The display sample is taken from the first chunk.
"""
import numpy as np
inside_total = 0
sample_x: list[float] = []
sample_y: list[float] = []
sample_inside: list[bool] = []
remaining = n
while remaining > 0:
chunk = min(chunk_size, remaining)
x = np.random.uniform(-1.0, 1.0, chunk)
y = np.random.uniform(-1.0, 1.0, chunk)
mask = x * x + y * y <= 1.0
inside_total += int(mask.sum())
if len(sample_x) < max_display:
k = min(chunk, max_display - len(sample_x))
sample_x.extend(x[:k].tolist())
sample_y.extend(y[:k].tolist())
sample_inside.extend(mask[:k].tolist())
remaining -= chunk
sample = pd.DataFrame({'x': sample_x, 'y': sample_y, 'inside': sample_inside})
return 4.0 * inside_total / n, sample
plot_convergence_grid calls this for each panel, then plots the
display sample:
def plot_convergence_grid(sizes: list[int],
filename: str = 'convergence_grid.png',
max_display: int = 50_000) -> None:
"""Grid of scatter plots showing dart throws at multiple scales.
The layout is determined automatically from the number of sizes.
Pi is estimated from all n darts; only max_display points are plotted
per panel so large n renders quickly.
"""
if len(sizes) <= 3:
cols, rows = len(sizes), 1
else:
cols = math.ceil(math.sqrt(len(sizes)))
rows = math.ceil(len(sizes) / cols)
theta = [math.tau * i / 1000 for i in range(1001)]
cos_t = [math.cos(t) for t in theta]
sin_t = [math.sin(t) for t in theta]
fig, axes = plt.subplots(rows, cols, figsize=(5 * cols, 5 * rows))
ax_list = list(axes.flat)
for ax, n in zip(ax_list, sizes):
print(f" generating n={n:,} ...", flush=True)
t0 = time.perf_counter()
pi_est, sample = _sample_and_estimate(n, max_display)
elapsed = time.perf_counter() - t0
inside = sample[sample["inside"]]
outside = sample[~sample["inside"]]
pt_size = max(0.3, 10 / (math.log10(n) ** 1.5))
alpha = max(0.15, 0.7 - 0.1 * math.log10(n))
ax.scatter(inside["x"], inside["y"], s=pt_size, color='steelblue', alpha=alpha)

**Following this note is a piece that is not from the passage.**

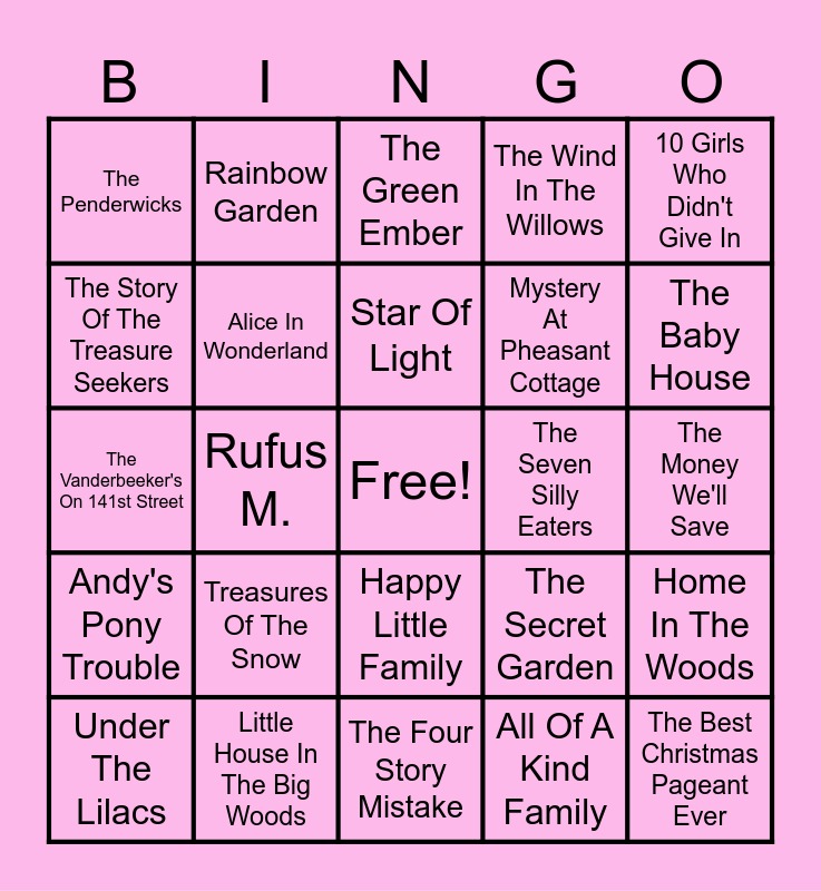 This bingo card has a free space and 29 words: Under The Lilacs, Mooses With Bazookas, Rufus M., Welcome Home, The Penderwicks, The Green Ember, Alice In Wonderland, Treasures Of The Snow, The Seven Silly Eaters, Little House In The Big Woods, The Money We'll Save, The Best Christmas Pageant Ever, The Four Story Mistake, All Of A Kind Family, The Baby House, In Aunt Lucy's Kitchen, Happy Little Family, Andy's Pony Trouble, 10 Girls Who Didn't Give In, The Vanderbeeker's On 141st Street, The Secret Garden, Summer Story, Mystery At Pheasant Cottage, The Story Of The Treasure Seekers, The Wind In The Willows, Rainbow Garden, Home In The Woods, Star Of Light and The Tanglewood Secret.

ax.scatter(outside["x"], outside["y"], s=pt_size, color='salmon', alpha=alpha)
ax.plot(cos_t, sin_t, 'k-', linewidth=1.0)
ax.set_aspect('equal')
ax.set_xlim(-1.05, 1.05)
ax.set_ylim(-1.05, 1.05)
ax.set_title(f'n = {n:,} π ≈ {pi_est:.5f} t = {elapsed:.2f}s', fontsize=12)
ax.set_xticks([])
ax.set_yticks([])
for ax in ax_list[len(sizes):]:
ax.set_visible(False)
fig.suptitle('Monte Carlo Estimation of π', fontsize=14)
plt.tight_layout()
plt.savefig(filename, dpi=100)
plt.close()
print(f"Saved {filename}")
plot_convergence_grid([1_000, 1_000_000, 1_000_000_000],
'convergence_grid.png')
Monte Carlo dart plots at n = 1 000, 1 000 000, and 1 000 000 000. The estimate of π improves with each order of magnitude; the timing shows the cost of that precision.#
Where the Method Is Used#
Monte Carlo techniques appear across computing and science:
Finance — option pricing, Value at Risk
Physics — particle transport, nuclear reactions
Climate modelling — uncertainty quantification
Computer graphics — path tracing for photorealistic rendering
Machine learning — Bayesian inference, dropout regularisation
The idea is always the same: replace an exact but intractable computation with a large number of cheap random samples.
Challenges#
Run
convergence_table([100, 1_000, 10_000, 100_000])several times. Does the error decrease monotonically on every run? Explain why or why not.Add a
seedparameter togenerate_dartsand pass it torandom.seedbefore the loop. Verify that two calls with the same seed produce identical results.The unit circle has area π. Use the same technique to estimate the area of a diamond with vertices at (±1, 0) and (0, ±1). What should the answer be?
Generate two sets of darts with different seeds and save each to its own CSV file. Load both files with
load_darts, concatenate the DataFrames withpd.concat, and computeestimate_pion the combined dataset. Does combining datasets improve the estimate?Plot how the absolute error changes as n increases from 100 to 1 000 000 (use a logarithmic x-axis). Does the slope of the error curve match the expected −½ on a log-log scale?